Exercise directions: Each record must be repeated exactly. None may be dropped.

Stored data

++++++++

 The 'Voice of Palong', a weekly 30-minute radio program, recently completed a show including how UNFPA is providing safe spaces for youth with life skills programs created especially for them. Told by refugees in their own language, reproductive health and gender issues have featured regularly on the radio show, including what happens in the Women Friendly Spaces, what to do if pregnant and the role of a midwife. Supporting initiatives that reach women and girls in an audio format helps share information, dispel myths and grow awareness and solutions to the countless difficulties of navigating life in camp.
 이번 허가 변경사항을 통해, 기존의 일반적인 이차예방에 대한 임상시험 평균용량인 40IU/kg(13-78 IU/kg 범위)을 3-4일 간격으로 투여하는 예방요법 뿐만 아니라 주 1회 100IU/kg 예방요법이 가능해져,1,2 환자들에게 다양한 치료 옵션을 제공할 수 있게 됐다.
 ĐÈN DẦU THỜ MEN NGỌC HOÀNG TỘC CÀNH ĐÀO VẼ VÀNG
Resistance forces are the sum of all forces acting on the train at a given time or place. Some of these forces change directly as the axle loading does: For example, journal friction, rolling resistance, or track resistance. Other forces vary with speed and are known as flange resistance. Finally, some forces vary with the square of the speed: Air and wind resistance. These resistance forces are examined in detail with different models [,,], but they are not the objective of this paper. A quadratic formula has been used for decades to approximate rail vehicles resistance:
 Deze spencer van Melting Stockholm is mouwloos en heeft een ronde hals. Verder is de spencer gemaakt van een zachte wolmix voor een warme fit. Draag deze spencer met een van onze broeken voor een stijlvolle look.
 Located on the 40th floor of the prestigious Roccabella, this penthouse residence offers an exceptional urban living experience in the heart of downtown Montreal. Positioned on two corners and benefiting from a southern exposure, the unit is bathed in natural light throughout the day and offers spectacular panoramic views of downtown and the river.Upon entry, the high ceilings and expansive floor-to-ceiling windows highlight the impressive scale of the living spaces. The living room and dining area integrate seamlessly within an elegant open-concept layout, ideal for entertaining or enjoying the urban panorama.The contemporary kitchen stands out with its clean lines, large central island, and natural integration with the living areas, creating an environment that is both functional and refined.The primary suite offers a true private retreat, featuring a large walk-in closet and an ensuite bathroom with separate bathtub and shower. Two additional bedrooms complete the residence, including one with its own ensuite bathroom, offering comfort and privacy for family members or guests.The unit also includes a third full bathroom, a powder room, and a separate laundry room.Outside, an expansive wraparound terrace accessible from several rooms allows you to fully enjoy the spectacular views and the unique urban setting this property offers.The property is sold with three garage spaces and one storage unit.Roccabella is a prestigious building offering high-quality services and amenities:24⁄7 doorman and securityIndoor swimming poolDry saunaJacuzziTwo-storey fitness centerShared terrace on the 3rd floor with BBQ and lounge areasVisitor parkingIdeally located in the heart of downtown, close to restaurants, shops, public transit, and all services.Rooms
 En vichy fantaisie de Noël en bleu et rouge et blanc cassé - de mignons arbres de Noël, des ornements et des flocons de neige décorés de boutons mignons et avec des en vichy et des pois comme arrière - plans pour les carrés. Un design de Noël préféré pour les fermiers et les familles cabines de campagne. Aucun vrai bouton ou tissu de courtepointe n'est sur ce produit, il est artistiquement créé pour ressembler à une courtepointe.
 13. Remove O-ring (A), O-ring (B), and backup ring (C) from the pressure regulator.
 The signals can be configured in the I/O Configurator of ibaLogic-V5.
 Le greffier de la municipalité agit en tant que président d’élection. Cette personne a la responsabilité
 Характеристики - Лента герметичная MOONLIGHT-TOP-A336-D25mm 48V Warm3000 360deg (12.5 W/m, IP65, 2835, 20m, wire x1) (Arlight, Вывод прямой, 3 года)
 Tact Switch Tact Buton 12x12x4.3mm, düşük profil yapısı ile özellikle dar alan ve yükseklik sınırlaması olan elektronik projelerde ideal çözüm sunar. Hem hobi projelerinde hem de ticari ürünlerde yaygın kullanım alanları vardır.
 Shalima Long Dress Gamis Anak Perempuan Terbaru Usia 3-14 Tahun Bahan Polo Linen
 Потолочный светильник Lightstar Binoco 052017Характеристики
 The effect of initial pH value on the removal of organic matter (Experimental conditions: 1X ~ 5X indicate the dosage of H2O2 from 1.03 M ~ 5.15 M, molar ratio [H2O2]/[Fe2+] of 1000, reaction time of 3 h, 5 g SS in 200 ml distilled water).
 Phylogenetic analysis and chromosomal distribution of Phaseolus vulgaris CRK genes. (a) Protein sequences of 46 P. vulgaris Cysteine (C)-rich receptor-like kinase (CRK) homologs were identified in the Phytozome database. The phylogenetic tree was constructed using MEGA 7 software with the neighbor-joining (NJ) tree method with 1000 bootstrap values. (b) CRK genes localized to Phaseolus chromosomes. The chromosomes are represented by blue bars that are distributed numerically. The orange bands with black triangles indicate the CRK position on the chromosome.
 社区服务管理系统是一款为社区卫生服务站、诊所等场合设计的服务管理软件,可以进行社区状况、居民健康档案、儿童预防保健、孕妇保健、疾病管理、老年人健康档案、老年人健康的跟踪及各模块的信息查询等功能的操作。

++++++++

Answer for the task:
 The 'Voice of Palong', a weekly 30-minute radio program, recently completed a show including how UNFPA is providing safe spaces for youth with life skills programs created especially for them. Told by refugees in their own language, reproductive health and gender issues have featured regularly on the radio show, including what happens in the Women Friendly Spaces, what to do if pregnant and the role of a midwife. Supporting initiatives that reach women and girls in an audio format helps share information, dispel myths and grow awareness and solutions to the countless difficulties of navigating life in camp.
 이번 허가 변경사항을 통해, 기존의 일반적인 이차예방에 대한 임상시험 평균용량인 40IU/kg(13-78 IU/kg 범위)을 3-4일 간격으로 투여하는 예방요법 뿐만 아니라 주 1회 100IU/kg 예방요법이 가능해져,1,2 환자들에게 다양한 치료 옵션을 제공할 수 있게 됐다.
 ĐÈN DẦU THỜ MEN NGỌC HOÀNG TỘC CÀNH ĐÀO VẼ VÀNG
Resistance forces are the sum of all forces acting on the train at a given time or place. Some of these forces change directly as the axle loading does: For example, journal friction, rolling resistance, or track resistance. Other forces vary with speed and are known as flange resistance. Finally, some forces vary with the square of the speed: Air and wind resistance. These resistance forces are examined in detail with different models [,,], but they are not the objective of this paper. A quadratic formula has been used for decades to approximate rail vehicles resistance:
 Deze spencer van Melting Stockholm is mouwloos en heeft een ronde hals. Verder is de spencer gemaakt van een zachte wolmix voor een warme fit. Draag deze spencer met een van onze broeken voor een stijlvolle look.
 Located on the 40th floor of the prestigious Roccabella, this penthouse residence offers an exceptional urban living experience in the heart of downtown Montreal. Positioned on two corners and benefiting from a southern exposure, the unit is bathed in natural light throughout the day and offers spectacular panoramic views of downtown and the river.Upon entry, the high ceilings and expansive floor-to-ceiling windows highlight the impressive scale of the living spaces. The living room and dining area integrate seamlessly within an elegant open-concept layout, ideal for entertaining or enjoying the urban panorama.The contemporary kitchen stands out with its clean lines, large central island, and natural integration with the living areas, creating an environment that is both functional and refined.The primary suite offers a true private retreat, featuring a large walk-in closet and an ensuite bathroom with separate bathtub and shower. Two additional bedrooms complete the residence, including one with its own ensuite bathroom, offering comfort and privacy for family members or guests.The unit also includes a third full bathroom, a powder room, and a separate laundry room.Outside, an expansive wraparound terrace accessible from several rooms allows you to fully enjoy the spectacular views and the unique urban setting this property offers.The property is sold with three garage spaces and one storage unit.Roccabella is a prestigious building offering high-quality services and amenities:24⁄7 doorman and securityIndoor swimming poolDry saunaJacuzziTwo-storey fitness centerShared terrace on the 3rd floor with BBQ and lounge areasVisitor parkingIdeally located in the heart of downtown, close to restaurants, shops, public transit, and all services.Rooms
 En vichy fantaisie de Noël en bleu et rouge et blanc cassé - de mignons arbres de Noël, des ornements et des flocons de neige décorés de boutons mignons et avec des en vichy et des pois comme arrière - plans pour les carrés. Un design de Noël préféré pour les fermiers et les familles cabines de campagne. Aucun vrai bouton ou tissu de courtepointe n'est sur ce produit, il est artistiquement créé pour ressembler à une courtepointe.
 13. Remove O-ring (A), O-ring (B), and backup ring (C) from the pressure regulator.
 The signals can be configured in the I/O Configurator of ibaLogic-V5.
 Le greffier de la municipalité agit en tant que président d’élection. Cette personne a la responsabilité
 Характеристики - Лента герметичная MOONLIGHT-TOP-A336-D25mm 48V Warm3000 360deg (12.5 W/m, IP65, 2835, 20m, wire x1) (Arlight, Вывод прямой, 3 года)
 Tact Switch Tact Buton 12x12x4.3mm, düşük profil yapısı ile özellikle dar alan ve yükseklik sınırlaması olan elektronik projelerde ideal çözüm sunar. Hem hobi projelerinde hem de ticari ürünlerde yaygın kullanım alanları vardır.
 Shalima Long Dress Gamis Anak Perempuan Terbaru Usia 3-14 Tahun Bahan Polo Linen
 Потолочный светильник Lightstar Binoco 052017Характеристики
 The effect of initial pH value on the removal of organic matter (Experimental conditions: 1X ~ 5X indicate the dosage of H2O2 from 1.03 M ~ 5.15 M, molar ratio [H2O2]/[Fe2+] of 1000, reaction time of 3 h, 5 g SS in 200 ml distilled water).
 Phylogenetic analysis and chromosomal distribution of Phaseolus vulgaris CRK genes. (a) Protein sequences of 46 P. vulgaris Cysteine (C)-rich receptor-like kinase (CRK) homologs were identified in the Phytozome database. The phylogenetic tree was constructed using MEGA 7 software with the neighbor-joining (NJ) tree method with 1000 bootstrap values. (b) CRK genes localized to Phaseolus chromosomes. The chromosomes are represented by blue bars that are distributed numerically. The orange bands with black triangles indicate the CRK position on the chromosome.
 社区服务管理系统是一款为社区卫生服务站、诊所等场合设计的服务管理软件,可以进行社区状况、居民健康档案、儿童预防保健、孕妇保健、疾病管理、老年人健康档案、老年人健康的跟踪及各模块的信息查询等功能的操作。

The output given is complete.